------ STORED DATA ------
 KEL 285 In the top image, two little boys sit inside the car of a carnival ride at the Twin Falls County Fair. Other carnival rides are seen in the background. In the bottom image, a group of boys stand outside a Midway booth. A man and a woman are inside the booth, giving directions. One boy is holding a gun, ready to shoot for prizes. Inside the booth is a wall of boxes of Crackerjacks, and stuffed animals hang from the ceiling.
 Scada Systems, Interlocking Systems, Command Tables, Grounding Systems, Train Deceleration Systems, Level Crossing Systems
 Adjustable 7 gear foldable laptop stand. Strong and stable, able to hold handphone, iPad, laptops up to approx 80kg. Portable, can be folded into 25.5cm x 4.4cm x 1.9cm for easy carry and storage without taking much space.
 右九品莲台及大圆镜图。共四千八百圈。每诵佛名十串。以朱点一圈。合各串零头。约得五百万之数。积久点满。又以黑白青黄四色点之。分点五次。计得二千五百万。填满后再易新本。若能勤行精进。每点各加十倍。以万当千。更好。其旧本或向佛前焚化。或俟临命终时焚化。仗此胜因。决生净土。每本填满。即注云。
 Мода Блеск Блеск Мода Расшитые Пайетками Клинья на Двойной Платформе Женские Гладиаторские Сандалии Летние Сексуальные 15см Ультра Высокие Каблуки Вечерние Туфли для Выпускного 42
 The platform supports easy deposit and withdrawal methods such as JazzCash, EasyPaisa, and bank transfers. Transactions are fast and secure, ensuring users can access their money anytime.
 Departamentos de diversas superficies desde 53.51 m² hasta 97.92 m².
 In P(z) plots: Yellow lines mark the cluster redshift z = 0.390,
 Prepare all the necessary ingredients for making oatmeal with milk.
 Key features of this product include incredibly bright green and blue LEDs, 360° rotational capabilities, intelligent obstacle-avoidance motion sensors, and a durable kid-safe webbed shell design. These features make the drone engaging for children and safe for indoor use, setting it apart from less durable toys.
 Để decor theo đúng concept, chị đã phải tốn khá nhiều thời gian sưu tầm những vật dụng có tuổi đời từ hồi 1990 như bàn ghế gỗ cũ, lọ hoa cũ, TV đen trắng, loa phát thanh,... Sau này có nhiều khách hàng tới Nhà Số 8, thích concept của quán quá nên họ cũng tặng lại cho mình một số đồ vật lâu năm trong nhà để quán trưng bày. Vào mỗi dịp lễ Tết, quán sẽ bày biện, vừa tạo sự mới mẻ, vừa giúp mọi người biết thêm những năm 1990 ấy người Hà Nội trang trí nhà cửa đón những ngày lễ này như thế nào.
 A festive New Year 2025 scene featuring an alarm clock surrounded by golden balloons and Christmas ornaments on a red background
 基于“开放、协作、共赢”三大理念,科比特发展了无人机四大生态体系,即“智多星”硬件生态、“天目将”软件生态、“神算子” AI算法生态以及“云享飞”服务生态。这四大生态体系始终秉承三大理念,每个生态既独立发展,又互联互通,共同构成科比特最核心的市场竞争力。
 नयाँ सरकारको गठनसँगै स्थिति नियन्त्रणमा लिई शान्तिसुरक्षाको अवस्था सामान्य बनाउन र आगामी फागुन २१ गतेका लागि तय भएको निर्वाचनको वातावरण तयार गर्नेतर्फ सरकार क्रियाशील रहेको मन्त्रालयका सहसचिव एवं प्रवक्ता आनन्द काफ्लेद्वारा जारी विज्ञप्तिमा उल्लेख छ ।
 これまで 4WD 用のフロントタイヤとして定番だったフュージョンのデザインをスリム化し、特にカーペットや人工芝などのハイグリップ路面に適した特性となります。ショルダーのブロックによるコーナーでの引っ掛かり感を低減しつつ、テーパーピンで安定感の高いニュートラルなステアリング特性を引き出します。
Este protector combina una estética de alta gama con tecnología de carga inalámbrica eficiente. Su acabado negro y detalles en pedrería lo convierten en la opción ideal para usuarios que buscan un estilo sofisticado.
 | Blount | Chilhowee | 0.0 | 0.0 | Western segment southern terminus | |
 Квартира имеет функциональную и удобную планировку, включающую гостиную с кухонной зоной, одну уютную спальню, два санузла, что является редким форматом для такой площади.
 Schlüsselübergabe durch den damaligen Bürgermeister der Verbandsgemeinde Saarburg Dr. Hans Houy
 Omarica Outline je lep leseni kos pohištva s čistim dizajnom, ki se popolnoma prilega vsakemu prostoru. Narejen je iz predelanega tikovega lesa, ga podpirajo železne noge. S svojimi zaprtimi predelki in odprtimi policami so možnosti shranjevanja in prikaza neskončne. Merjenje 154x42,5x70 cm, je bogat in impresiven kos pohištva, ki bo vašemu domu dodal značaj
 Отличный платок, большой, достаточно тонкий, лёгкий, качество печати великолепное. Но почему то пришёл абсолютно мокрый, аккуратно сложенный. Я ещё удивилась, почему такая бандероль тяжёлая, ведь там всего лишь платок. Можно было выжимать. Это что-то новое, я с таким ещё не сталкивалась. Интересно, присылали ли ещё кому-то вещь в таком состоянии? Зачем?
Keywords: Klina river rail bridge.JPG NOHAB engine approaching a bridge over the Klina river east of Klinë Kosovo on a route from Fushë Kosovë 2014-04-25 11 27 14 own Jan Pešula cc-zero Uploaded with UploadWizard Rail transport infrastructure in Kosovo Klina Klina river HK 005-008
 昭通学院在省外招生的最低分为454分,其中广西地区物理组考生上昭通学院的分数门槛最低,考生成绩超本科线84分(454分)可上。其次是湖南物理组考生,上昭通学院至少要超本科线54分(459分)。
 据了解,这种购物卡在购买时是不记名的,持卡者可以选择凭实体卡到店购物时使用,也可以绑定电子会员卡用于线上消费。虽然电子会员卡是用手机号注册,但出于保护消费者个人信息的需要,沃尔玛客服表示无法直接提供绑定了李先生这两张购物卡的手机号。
------
# HOW TO COMPLETE THIS TASK
The full listing has to be duplicated exactly.

# OUTPUT OF THE TASK
 KEL 285 In the top image, two little boys sit inside the car of a carnival ride at the Twin Falls County Fair. Other carnival rides are seen in the background. In the bottom image, a group of boys stand outside a Midway booth. A man and a woman are inside the booth, giving directions. One boy is holding a gun, ready to shoot for prizes. Inside the booth is a wall of boxes of Crackerjacks, and stuffed animals hang from the ceiling.
 Scada Systems, Interlocking Systems, Command Tables, Grounding Systems, Train Deceleration Systems, Level Crossing Systems
 Adjustable 7 gear foldable laptop stand. Strong and stable, able to hold handphone, iPad, laptops up to approx 80kg. Portable, can be folded into 25.5cm x 4.4cm x 1.9cm for easy carry and storage without taking much space.
 右九品莲台及大圆镜图。共四千八百圈。每诵佛名十串。以朱点一圈。合各串零头。约得五百万之数。积久点满。又以黑白青黄四色点之。分点五次。计得二千五百万。填满后再易新本。若能勤行精进。每点各加十倍。以万当千。更好。其旧本或向佛前焚化。或俟临命终时焚化。仗此胜因。决生净土。每本填满。即注云。
 Мода Блеск Блеск Мода Расшитые Пайетками Клинья на Двойной Платформе Женские Гладиаторские Сандалии Летние Сексуальные 15см Ультра Высокие Каблуки Вечерние Туфли для Выпускного 42
 The platform supports easy deposit and withdrawal methods such as JazzCash, EasyPaisa, and bank transfers. Transactions are fast and secure, ensuring users can access their money anytime.
 Departamentos de diversas superficies desde 53.51 m² hasta 97.92 m².
 In P(z) plots: Yellow lines mark the cluster redshift z = 0.390,
 Prepare all the necessary ingredients for making oatmeal with milk.
 Key features of this product include incredibly bright green and blue LEDs, 360° rotational capabilities, intelligent obstacle-avoidance motion sensors, and a durable kid-safe webbed shell design. These features make the drone engaging for children and safe for indoor use, setting it apart from less durable toys.
 Để decor theo đúng concept, chị đã phải tốn khá nhiều thời gian sưu tầm những vật dụng có tuổi đời từ hồi 1990 như bàn ghế gỗ cũ, lọ hoa cũ, TV đen trắng, loa phát thanh,... Sau này có nhiều khách hàng tới Nhà Số 8, thích concept của quán quá nên họ cũng tặng lại cho mình một số đồ vật lâu năm trong nhà để quán trưng bày. Vào mỗi dịp lễ Tết, quán sẽ bày biện, vừa tạo sự mới mẻ, vừa giúp mọi người biết thêm những năm 1990 ấy người Hà Nội trang trí nhà cửa đón những ngày lễ này như thế nào.
 A festive New Year 2025 scene featuring an alarm clock surrounded by golden balloons and Christmas ornaments on a red background
 基于“开放、协作、共赢”三大理念,科比特发展了无人机四大生态体系,即“智多星”硬件生态、“天目将”软件生态、“神算子” AI算法生态以及“云享飞”服务生态。这四大生态体系始终秉承三大理念,每个生态既独立发展,又互联互通,共同构成科比特最核心的市场竞争力。
 नयाँ सरकारको गठनसँगै स्थिति नियन्त्रणमा लिई शान्तिसुरक्षाको अवस्था सामान्य बनाउन र आगामी फागुन २१ गतेका लागि तय भएको निर्वाचनको वातावरण तयार गर्नेतर्फ सरकार क्रियाशील रहेको मन्त्रालयका सहसचिव एवं प्रवक्ता आनन्द काफ्लेद्वारा जारी विज्ञप्तिमा उल्लेख छ ।
 これまで 4WD 用のフロントタイヤとして定番だったフュージョンのデザインをスリム化し、特にカーペットや人工芝などのハイグリップ路面に適した特性となります。ショルダーのブロックによるコーナーでの引っ掛かり感を低減しつつ、テーパーピンで安定感の高いニュートラルなステアリング特性を引き出します。
Este protector combina una estética de alta gama con tecnología de carga inalámbrica eficiente. Su acabado negro y detalles en pedrería lo convierten en la opción ideal para usuarios que buscan un estilo sofisticado.
 | Blount | Chilhowee | 0.0 | 0.0 | Western segment southern terminus | |
 Квартира имеет функциональную и удобную планировку, включающую гостиную с кухонной зоной, одну уютную спальню, два санузла, что является редким форматом для такой площади.
 Schlüsselübergabe durch den damaligen Bürgermeister der Verbandsgemeinde Saarburg Dr. Hans Houy
 Omarica Outline je lep leseni kos pohištva s čistim dizajnom, ki se popolnoma prilega vsakemu prostoru. Narejen je iz predelanega tikovega lesa, ga podpirajo železne noge. S svojimi zaprtimi predelki in odprtimi policami so možnosti shranjevanja in prikaza neskončne. Merjenje 154x42,5x70 cm, je bogat in impresiven kos pohištva, ki bo vašemu domu dodal značaj
 Отличный платок, большой, достаточно тонкий, лёгкий, качество печати великолепное. Но почему то пришёл абсолютно мокрый, аккуратно сложенный. Я ещё удивилась, почему такая бандероль тяжёлая, ведь там всего лишь платок. Можно было выжимать. Это что-то новое, я с таким ещё не сталкивалась. Интересно, присылали ли ещё кому-то вещь в таком состоянии? Зачем?
Keywords: Klina river rail bridge.JPG NOHAB engine approaching a bridge over the Klina river east of Klinë Kosovo on a route from Fushë Kosovë 2014-04-25 11 27 14 own Jan Pešula cc-zero Uploaded with UploadWizard Rail transport infrastructure in Kosovo Klina Klina river HK 005-008
 昭通学院在省外招生的最低分为454分,其中广西地区物理组考生上昭通学院的分数门槛最低,考生成绩超本科线84分(454分)可上。其次是湖南物理组考生,上昭通学院至少要超本科线54分(459分)。
 据了解,这种购物卡在购买时是不记名的,持卡者可以选择凭实体卡到店购物时使用,也可以绑定电子会员卡用于线上消费。虽然电子会员卡是用手机号注册,但出于保护消费者个人信息的需要,沃尔玛客服表示无法直接提供绑定了李先生这两张购物卡的手机号。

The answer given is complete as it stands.